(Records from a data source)

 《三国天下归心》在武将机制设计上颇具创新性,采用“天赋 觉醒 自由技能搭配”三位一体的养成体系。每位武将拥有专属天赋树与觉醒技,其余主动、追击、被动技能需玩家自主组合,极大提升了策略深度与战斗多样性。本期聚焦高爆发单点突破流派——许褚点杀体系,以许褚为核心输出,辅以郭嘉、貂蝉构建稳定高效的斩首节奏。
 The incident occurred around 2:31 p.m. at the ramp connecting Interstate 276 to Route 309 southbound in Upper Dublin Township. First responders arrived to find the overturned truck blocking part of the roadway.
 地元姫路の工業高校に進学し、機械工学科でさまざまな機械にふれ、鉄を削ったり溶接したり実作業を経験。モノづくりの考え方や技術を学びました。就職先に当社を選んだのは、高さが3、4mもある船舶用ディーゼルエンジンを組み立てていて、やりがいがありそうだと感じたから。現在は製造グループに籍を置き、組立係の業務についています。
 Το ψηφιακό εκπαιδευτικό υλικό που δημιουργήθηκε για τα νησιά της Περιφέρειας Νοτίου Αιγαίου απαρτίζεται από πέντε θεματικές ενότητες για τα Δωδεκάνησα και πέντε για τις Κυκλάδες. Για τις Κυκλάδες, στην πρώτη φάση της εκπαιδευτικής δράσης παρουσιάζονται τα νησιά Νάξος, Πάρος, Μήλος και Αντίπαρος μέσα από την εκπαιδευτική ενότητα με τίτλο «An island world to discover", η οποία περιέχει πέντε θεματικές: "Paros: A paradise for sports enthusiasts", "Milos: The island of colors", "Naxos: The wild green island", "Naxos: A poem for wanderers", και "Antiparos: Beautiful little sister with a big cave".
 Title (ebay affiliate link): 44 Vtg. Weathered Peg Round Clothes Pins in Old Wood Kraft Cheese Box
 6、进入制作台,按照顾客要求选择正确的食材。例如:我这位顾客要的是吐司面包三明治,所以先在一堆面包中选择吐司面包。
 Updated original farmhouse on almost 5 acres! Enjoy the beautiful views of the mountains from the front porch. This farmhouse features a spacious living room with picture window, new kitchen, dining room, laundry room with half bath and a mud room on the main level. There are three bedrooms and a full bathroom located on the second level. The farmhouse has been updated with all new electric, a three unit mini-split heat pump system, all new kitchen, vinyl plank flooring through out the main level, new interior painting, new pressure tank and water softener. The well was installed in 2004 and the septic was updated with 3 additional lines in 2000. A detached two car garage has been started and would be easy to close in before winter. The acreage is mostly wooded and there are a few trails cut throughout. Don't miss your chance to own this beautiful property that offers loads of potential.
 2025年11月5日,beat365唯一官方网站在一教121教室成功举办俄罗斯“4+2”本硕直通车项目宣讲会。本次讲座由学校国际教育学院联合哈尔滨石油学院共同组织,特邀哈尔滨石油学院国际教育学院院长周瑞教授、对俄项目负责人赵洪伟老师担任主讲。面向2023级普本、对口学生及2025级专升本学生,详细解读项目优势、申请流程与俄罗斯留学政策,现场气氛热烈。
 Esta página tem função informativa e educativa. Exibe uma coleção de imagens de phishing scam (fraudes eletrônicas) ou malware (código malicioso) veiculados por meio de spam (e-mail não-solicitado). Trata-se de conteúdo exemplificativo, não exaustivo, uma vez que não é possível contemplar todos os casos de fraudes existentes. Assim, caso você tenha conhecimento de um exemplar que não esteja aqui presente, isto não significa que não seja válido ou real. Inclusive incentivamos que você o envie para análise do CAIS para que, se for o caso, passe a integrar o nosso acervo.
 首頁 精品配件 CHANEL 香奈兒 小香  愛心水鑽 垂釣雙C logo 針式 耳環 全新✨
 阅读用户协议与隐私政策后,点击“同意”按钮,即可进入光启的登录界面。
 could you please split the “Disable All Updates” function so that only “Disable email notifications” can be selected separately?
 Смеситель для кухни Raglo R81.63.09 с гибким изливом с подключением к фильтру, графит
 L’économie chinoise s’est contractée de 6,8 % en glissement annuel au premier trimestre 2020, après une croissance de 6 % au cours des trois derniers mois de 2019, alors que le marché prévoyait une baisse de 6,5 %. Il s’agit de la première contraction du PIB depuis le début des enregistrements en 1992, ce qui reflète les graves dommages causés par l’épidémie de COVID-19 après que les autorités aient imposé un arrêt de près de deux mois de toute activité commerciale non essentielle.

* WORK INSTRUCTION *
Output all records exactly, with nothing added or dropped.

* EXERCISE ANSWER *
 《三国天下归心》在武将机制设计上颇具创新性,采用“天赋 觉醒 自由技能搭配”三位一体的养成体系。每位武将拥有专属天赋树与觉醒技,其余主动、追击、被动技能需玩家自主组合,极大提升了策略深度与战斗多样性。本期聚焦高爆发单点突破流派——许褚点杀体系,以许褚为核心输出,辅以郭嘉、貂蝉构建稳定高效的斩首节奏。
 The incident occurred around 2:31 p.m. at the ramp connecting Interstate 276 to Route 309 southbound in Upper Dublin Township. First responders arrived to find the overturned truck blocking part of the roadway.
 地元姫路の工業高校に進学し、機械工学科でさまざまな機械にふれ、鉄を削ったり溶接したり実作業を経験。モノづくりの考え方や技術を学びました。就職先に当社を選んだのは、高さが3、4mもある船舶用ディーゼルエンジンを組み立てていて、やりがいがありそうだと感じたから。現在は製造グループに籍を置き、組立係の業務についています。
 Το ψηφιακό εκπαιδευτικό υλικό που δημιουργήθηκε για τα νησιά της Περιφέρειας Νοτίου Αιγαίου απαρτίζεται από πέντε θεματικές ενότητες για τα Δωδεκάνησα και πέντε για τις Κυκλάδες. Για τις Κυκλάδες, στην πρώτη φάση της εκπαιδευτικής δράσης παρουσιάζονται τα νησιά Νάξος, Πάρος, Μήλος και Αντίπαρος μέσα από την εκπαιδευτική ενότητα με τίτλο «An island world to discover", η οποία περιέχει πέντε θεματικές: "Paros: A paradise for sports enthusiasts", "Milos: The island of colors", "Naxos: The wild green island", "Naxos: A poem for wanderers", και "Antiparos: Beautiful little sister with a big cave".
 Title (ebay affiliate link): 44 Vtg. Weathered Peg Round Clothes Pins in Old Wood Kraft Cheese Box
 6、进入制作台,按照顾客要求选择正确的食材。例如:我这位顾客要的是吐司面包三明治,所以先在一堆面包中选择吐司面包。
 Updated original farmhouse on almost 5 acres! Enjoy the beautiful views of the mountains from the front porch. This farmhouse features a spacious living room with picture window, new kitchen, dining room, laundry room with half bath and a mud room on the main level. There are three bedrooms and a full bathroom located on the second level. The farmhouse has been updated with all new electric, a three unit mini-split heat pump system, all new kitchen, vinyl plank flooring through out the main level, new interior painting, new pressure tank and water softener. The well was installed in 2004 and the septic was updated with 3 additional lines in 2000. A detached two car garage has been started and would be easy to close in before winter. The acreage is mostly wooded and there are a few trails cut throughout. Don't miss your chance to own this beautiful property that offers loads of potential.
 2025年11月5日,beat365唯一官方网站在一教121教室成功举办俄罗斯“4+2”本硕直通车项目宣讲会。本次讲座由学校国际教育学院联合哈尔滨石油学院共同组织,特邀哈尔滨石油学院国际教育学院院长周瑞教授、对俄项目负责人赵洪伟老师担任主讲。面向2023级普本、对口学生及2025级专升本学生,详细解读项目优势、申请流程与俄罗斯留学政策,现场气氛热烈。
 Esta página tem função informativa e educativa. Exibe uma coleção de imagens de phishing scam (fraudes eletrônicas) ou malware (código malicioso) veiculados por meio de spam (e-mail não-solicitado). Trata-se de conteúdo exemplificativo, não exaustivo, uma vez que não é possível contemplar todos os casos de fraudes existentes. Assim, caso você tenha conhecimento de um exemplar que não esteja aqui presente, isto não significa que não seja válido ou real. Inclusive incentivamos que você o envie para análise do CAIS para que, se for o caso, passe a integrar o nosso acervo.
 首頁 精品配件 CHANEL 香奈兒 小香  愛心水鑽 垂釣雙C logo 針式 耳環 全新✨
 阅读用户协议与隐私政策后,点击“同意”按钮,即可进入光启的登录界面。
 could you please split the “Disable All Updates” function so that only “Disable email notifications” can be selected separately?
 Смеситель для кухни Raglo R81.63.09 с гибким изливом с подключением к фильтру, графит
 L’économie chinoise s’est contractée de 6,8 % en glissement annuel au premier trimestre 2020, après une croissance de 6 % au cours des trois derniers mois de 2019, alors que le marché prévoyait une baisse de 6,5 %. Il s’agit de la première contraction du PIB depuis le début des enregistrements en 1992, ce qui reflète les graves dommages causés par l’épidémie de COVID-19 après que les autorités aient imposé un arrêt de près de deux mois de toute activité commerciale non essentielle.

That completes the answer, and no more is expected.